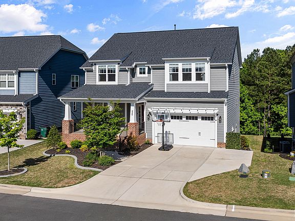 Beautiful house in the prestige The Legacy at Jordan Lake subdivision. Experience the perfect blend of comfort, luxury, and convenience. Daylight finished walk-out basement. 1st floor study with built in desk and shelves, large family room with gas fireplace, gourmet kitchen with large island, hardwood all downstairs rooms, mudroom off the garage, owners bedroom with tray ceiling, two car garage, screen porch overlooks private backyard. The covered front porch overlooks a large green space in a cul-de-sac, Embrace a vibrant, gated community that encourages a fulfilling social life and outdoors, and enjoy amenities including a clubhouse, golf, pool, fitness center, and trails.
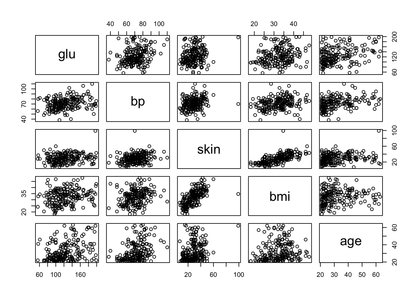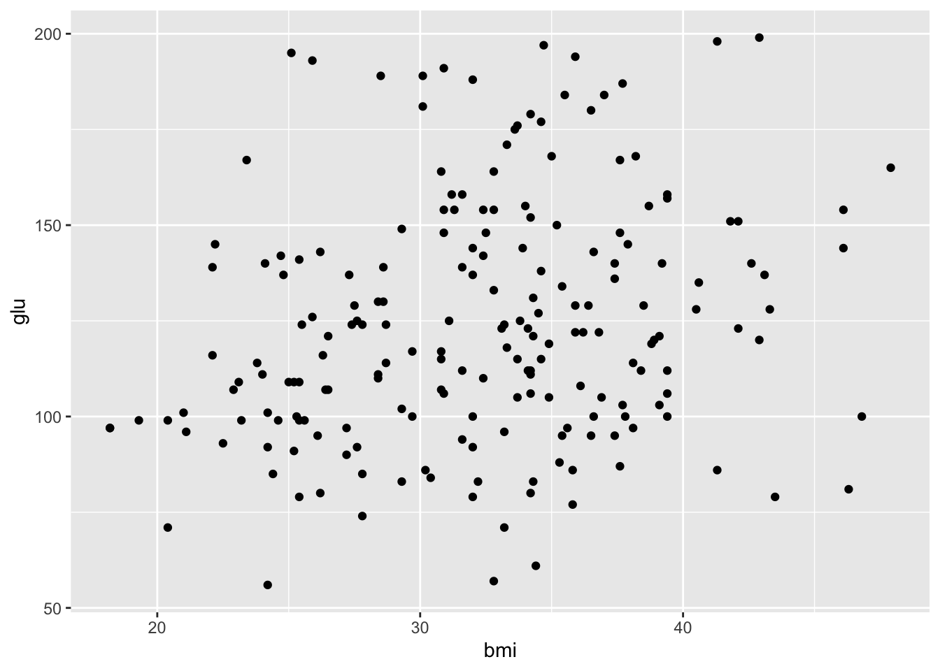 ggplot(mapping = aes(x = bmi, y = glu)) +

--

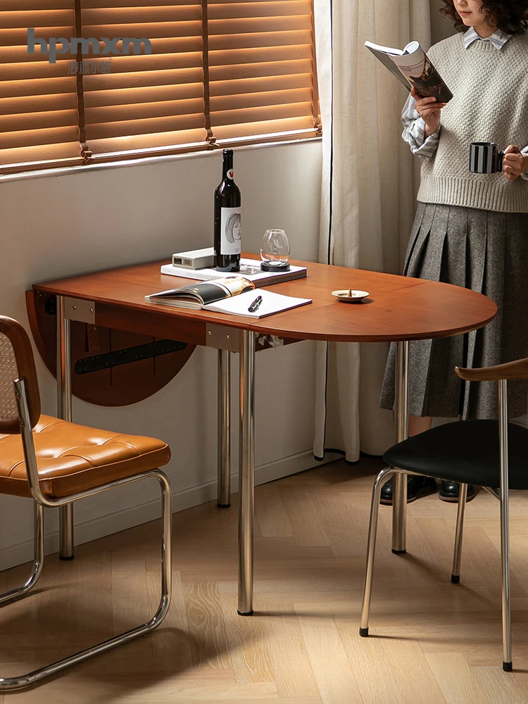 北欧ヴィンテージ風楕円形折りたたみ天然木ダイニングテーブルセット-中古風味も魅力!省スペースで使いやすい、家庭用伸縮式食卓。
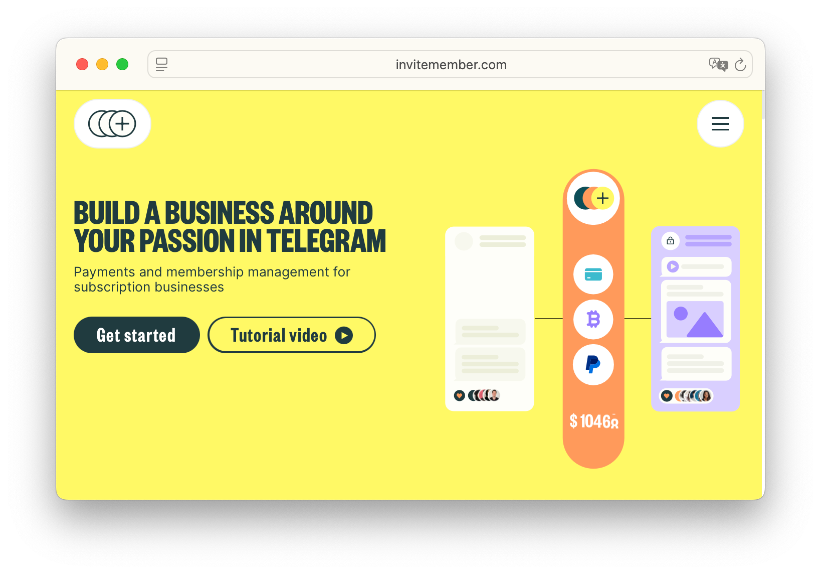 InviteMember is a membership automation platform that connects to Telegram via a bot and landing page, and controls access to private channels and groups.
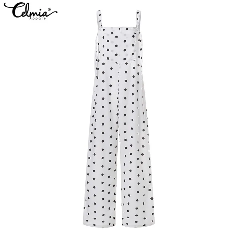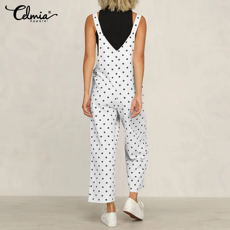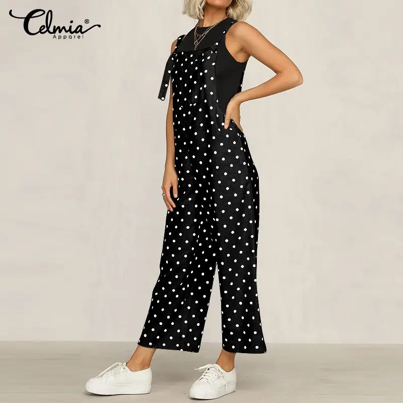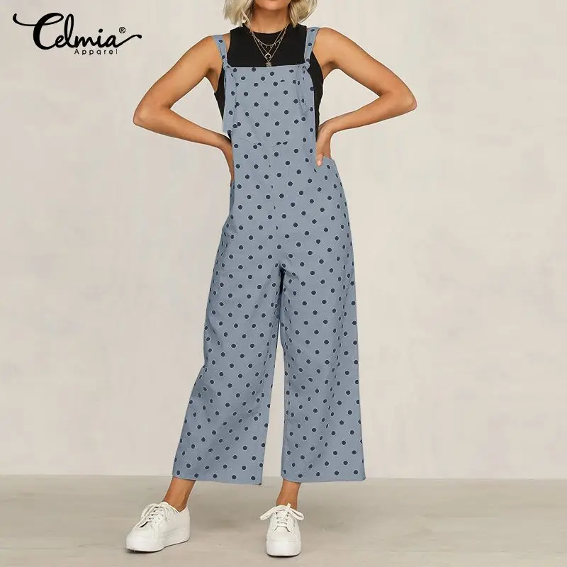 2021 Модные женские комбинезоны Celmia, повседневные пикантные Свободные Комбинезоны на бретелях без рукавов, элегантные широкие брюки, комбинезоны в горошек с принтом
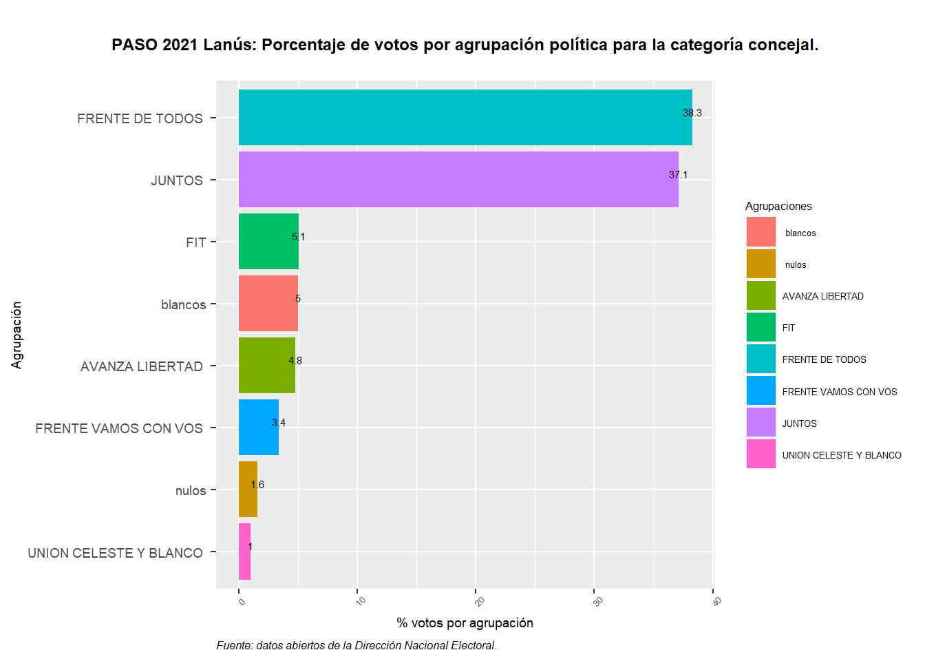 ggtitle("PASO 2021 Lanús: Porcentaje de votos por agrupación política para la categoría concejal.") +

- EXERCISE -
What to print is the stretch of entries from the line with "2021 Модные женские" up to and including the line with "2021 Lanús: Porcentaje". Please print it exactly and leave out the pictures.

- YOUR SOLUTION -
 2021 Модные женские комбинезоны Celmia, повседневные пикантные Свободные Комбинезоны на бретелях без рукавов, элегантные широкие брюки, комбинезоны в горошек с принтом
 ggtitle("PASO 2021 Lanús: Porcentaje de votos por agrupación política para la categoría concejal.") +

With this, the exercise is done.